(WORK INSTRUCTIONS): Pictures in the records below must be left out. Return exactly the lines from the line with "3. Check the" to the line with "Le portique Tramontane", both included.

[Stored items]
++++++++++++++++++++

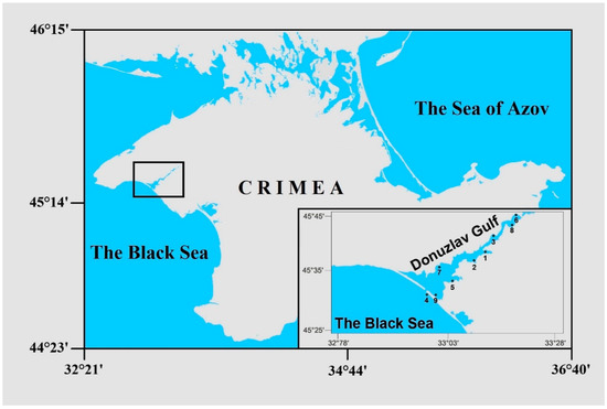 - Ryabushko, L.I.; Lishaev, D.N.; Shiroyan, A.G. The species, ecological and geographical diversity of microphytobenthos microalgae in the Crimean coast of the Black Sea. In Proceedings of the 2nd International UNIDOCAP the Blacк Sea Symposium on Biodiversity, Samsun, Turkey, 28–30 November 2018; Progr. & Abstract. Book: Samsun, Turkey, 2018; p. 33. (In Russian). [Google Scholar]
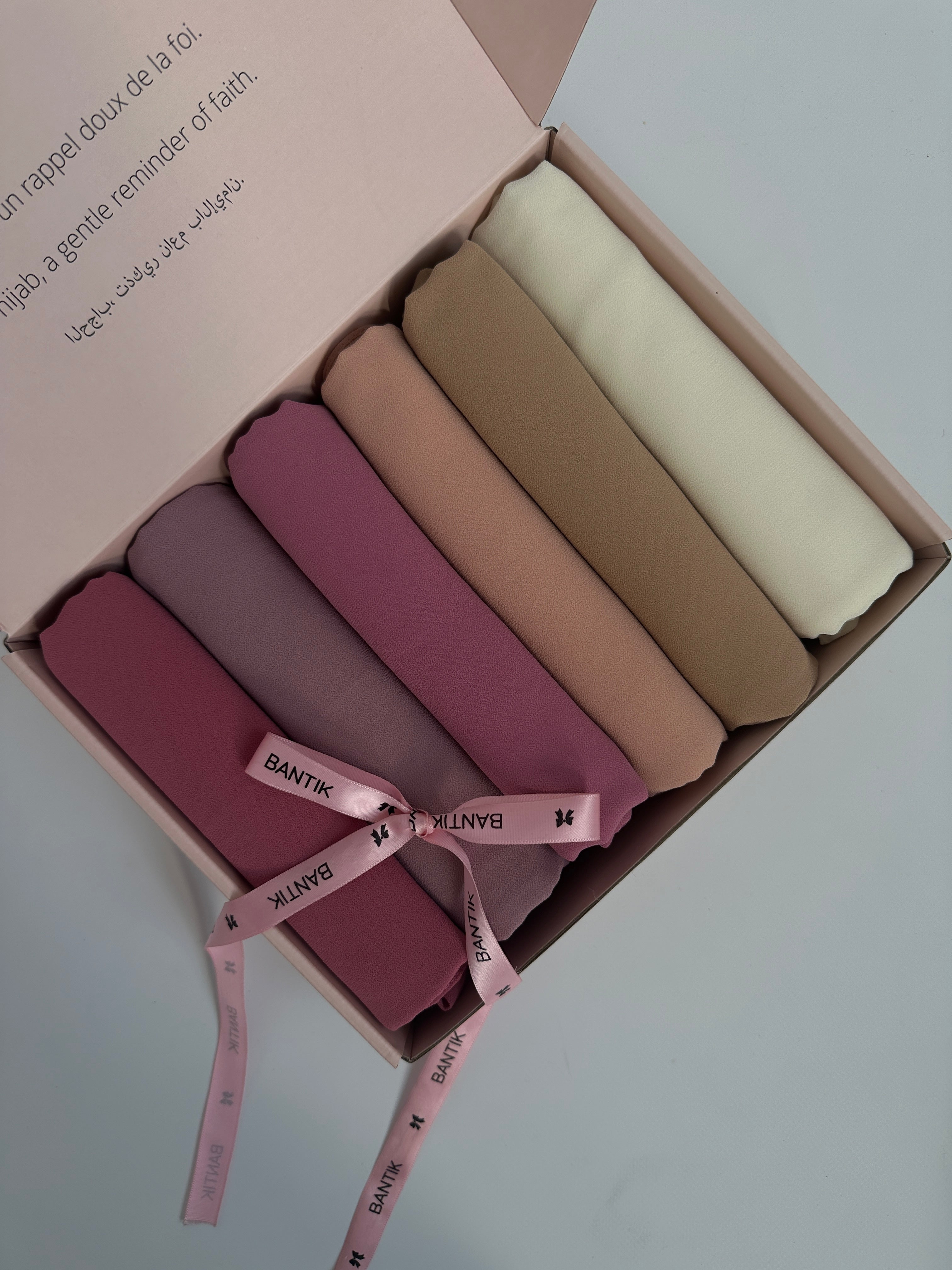 Discover our exclusive box featuring six chiffon hijabs, perfect for any occasion. Lightweight, elegant, and easy to wear, these hijabs will accompany you every day with comfort and style.
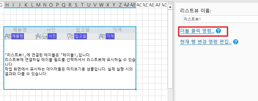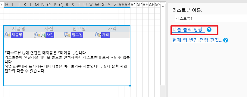 리스트뷰를 선택하고 속성 설정 영역의 셀 설정에서 "두 번 클릭 명령 편집"을 클릭합니다.
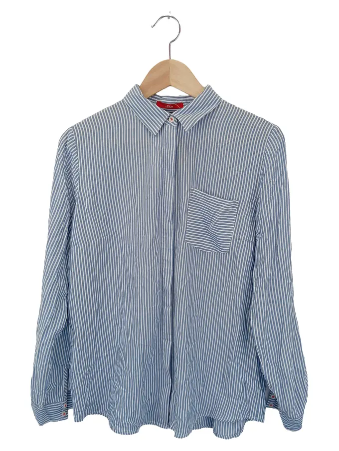 Damen Bluse Gr. 38/M Blau Gestreift Casual Langarm Viskose
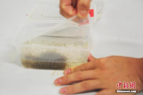 资料图片,实验室科技人员检查蚊子幼虫的托盘。 中新社记者 黄卓贤 摄
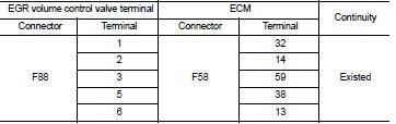 3. Check the continuity between EGR volume control valve terminal harness connector and ECM harness connector.
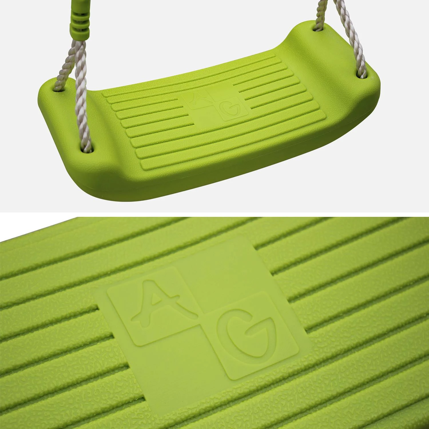 Le portique Tramontane est solide et fiable. Sa structure métallique est recouverte d’une jolie peinture époxy. Non seulement esthétique, elle limite la corrosion. La quincaillerie est en acier galvanisé et ne rouille pas. Les assises sont robustes et imputrescibles. En effet, elles sont en plastique et moulées par injection. Le cordage est synthétique.
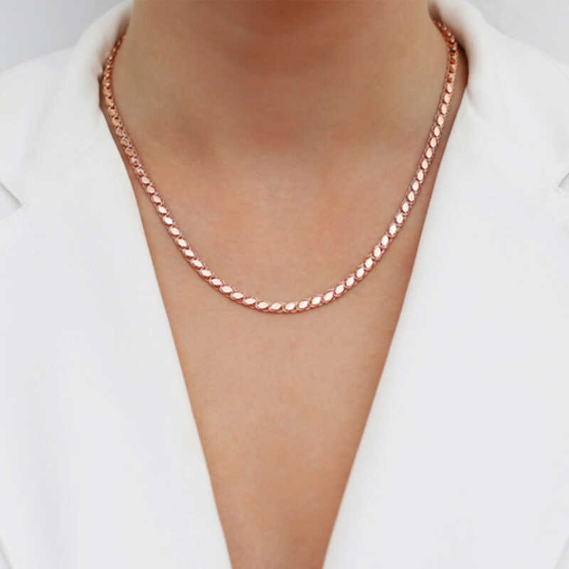 Günlük hayatında da bakımlı görünmek isteyen kadınların tercihi zincir kolyeler, en sade kıyafetlere dahi şıklık katıyor. Pullu arpa zincir kolyeler zarifliği ve şıklığıyla göz doldurmaya devam ediyor. Şık ve spor her kombinle kullanılabilen geniş kullanım alanına sahip zincir kolyeler, tarzınızı özgürce oluşturmanızı sağlıyor. Gümüş pullu arpa zincir üzerine rose altın kaplama yapılmıştır. Rose altın kaplama yapılan gümüşün rengi, pembe renge dönüşmektedir. Tüm gümüş modellerimizde olduğu gibi gümüş rose pullu arpa zincir modeli de tamamen el emeği ile üretilmiştir. Gümüş ve değerli taşlar nedeniyle belirtilen ortalama ürün ağırlığında ± %10 sapma olabilmektedir.
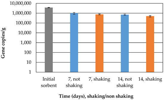 For fungal quantification, sorbents were sampled in three stages under two treatments (with and without agitation): at the initial stage (before the start of the experiment (time 0)), and after 7 and 14 days. The DNeasy PowerSoil Kit (Qiagen, Singapore) was used to extract DNA from the sorbents (up to 200 mg of sterile sorbents). Before extraction, sorbents were cut into smaller pieces under sterile conditions. The extracted DNA was used as a template for PCR reactions. The β-actin gene, characteristic of the fungal genome, was used to quantify fungal cells in the sorbents [17]. Quantitative real-time PCR was performed using a StepOnePlus™ Real-Time PCR system (Applied Biosystems, Carlsbad, CA, USA) using the SYBR Green PCR Master Mix (Thermo Fisher Scientific). Each 20 μL reaction contained 10 μL SybrGreen, 0.25 μL of a 10 pmol/μL primer solution using the β-actin primers, ACT 512-F (5′ ATG TGC AAG GCC GGT TTC GC 3′) and ACT 783-R (5′ TAC GAG TCC TTC TGG CCC AT 3′) [18], 8.5 μL H2O, and 2 μL of the DNA template. The amplification conditions were 95 °C for 10 min and then 40 cycles of 95 °C 15 s, 61 °C 20 s, and 72 °C 15 s. For each sample, the analysis was performed in triplicate. Fluorescence measurements were made at the end of each annealing cycle and at an additional measuring point at 80 °C (for 1 s) to detect the formation of primer dimers during amplification. A melt curve analysis was made by raising the temperature from 65 to 95 °C in 0.5 °C steps for 5 s each. Standard curves based on threshold cycles were generated by re-amplifying the dilution series of PCR products 10 times from fungal genomic DNA, and an aliquot of each dilution in 3 replicates was used for real-time PCR.
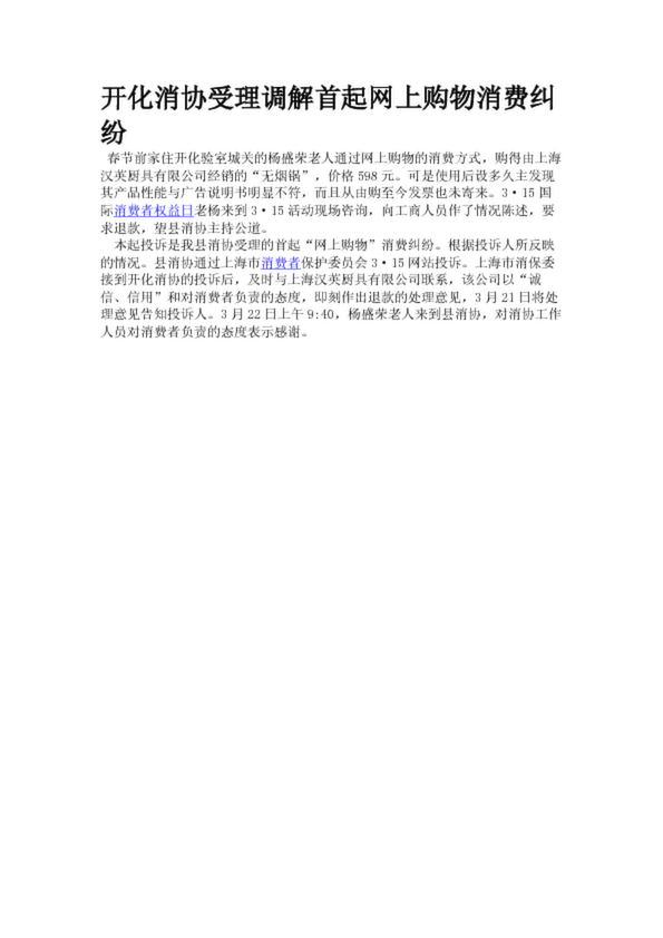 開(kāi)化消協(xié)受理調(diào)解首起網(wǎng)上購(gòu)物消費(fèi)糾紛(16.64KB)
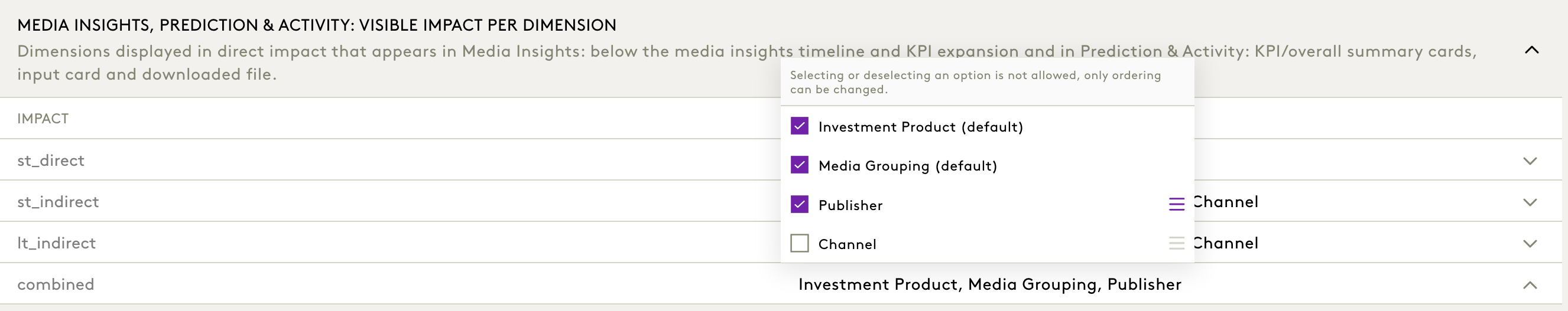 Defines which dimensions are used to break down media impact in the Media Insights, Prediction & Activities module.
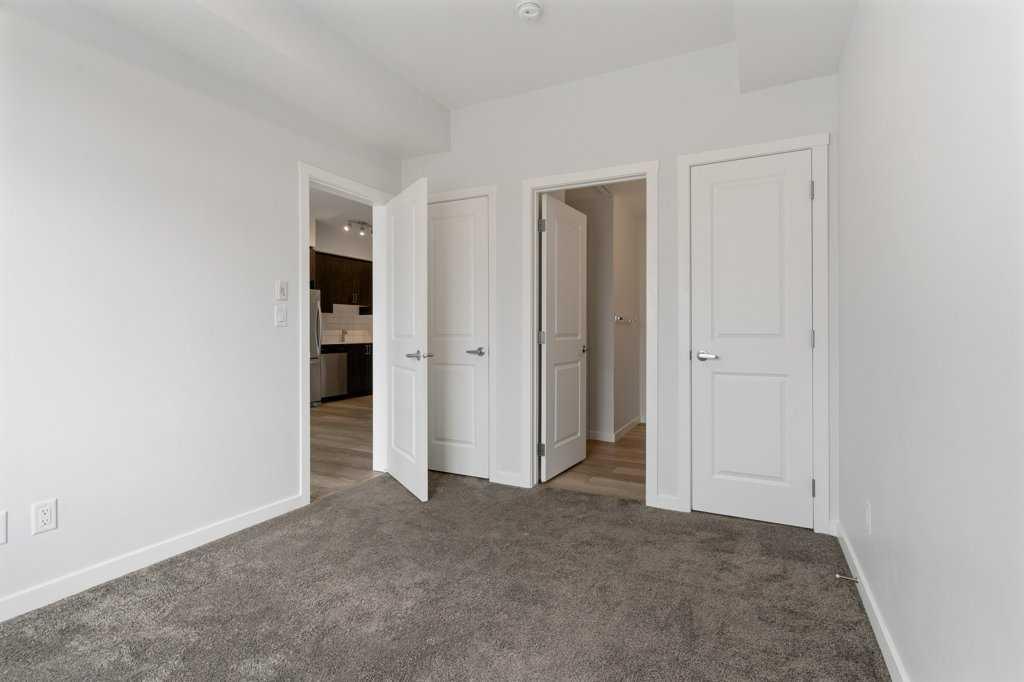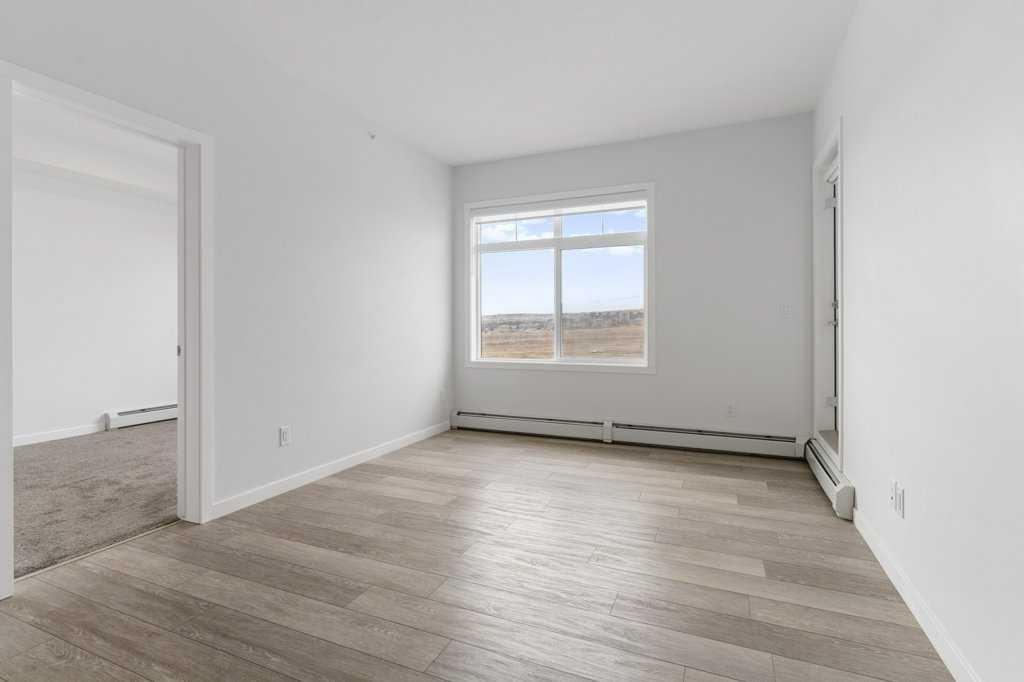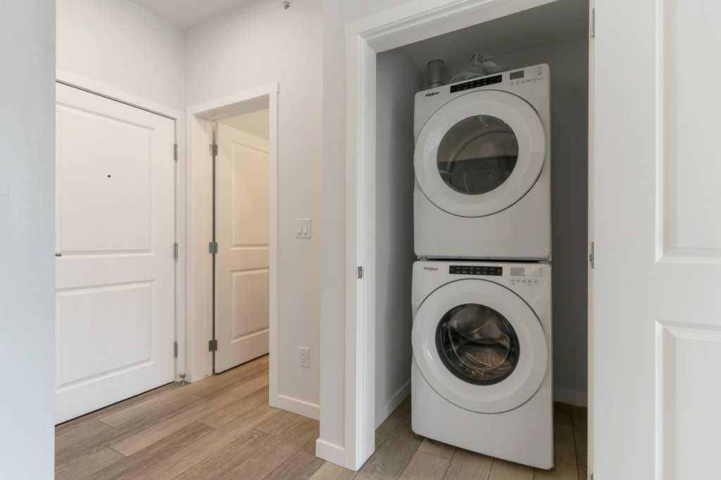 Stylish, well laid out TOP FLOOR 2 bedroom, 2 bathroom condo. Located in popular Sage Hill in the well maintained "Mark 101" by Shane Home, walking distance to shopping and amenities! Features include 9 foot ceilings, Luxury Vinyl Plank flooring and quartz counter tops throughout , vinyl windows with sleek blinds, and in-suite laundry. As you enter the unit, you will find a 4 piece bathroom, and the laundry closet. The modern Kitchen has a functional and warm feel, with dark brown laminate finished cabinets, quartz countertops, modern white subway tile backsplash and stainless steel appliances. Opening on to the kitchen is the family room with a large, bright, sunny window and a patio door leading to your private covered balcony, with gas line roughed in. The primary bedroom has an en-suite bathroom and double closets. The second bedroom is across the family room from the primary allowing for maximum privacy. This unit also includes 1 titled underground parking stall, a storage locker, and there is secure bike storage available in the parkade. Condo fees are affordable and include heat/water/sewer. Located just steps away from public transit, shopping, restaurants, and many other amenities, this is a GREAT place to live OR a wonderful investment property.

++++++++++++++++++++

(RESULT BELOW):
 3. Check the continuity between EGR volume control valve terminal harness connector and ECM harness connector.
 Le portique Tramontane est solide et fiable. Sa structure métallique est recouverte d’une jolie peinture époxy. Non seulement esthétique, elle limite la corrosion. La quincaillerie est en acier galvanisé et ne rouille pas. Les assises sont robustes et imputrescibles. En effet, elles sont en plastique et moulées par injection. Le cordage est synthétique.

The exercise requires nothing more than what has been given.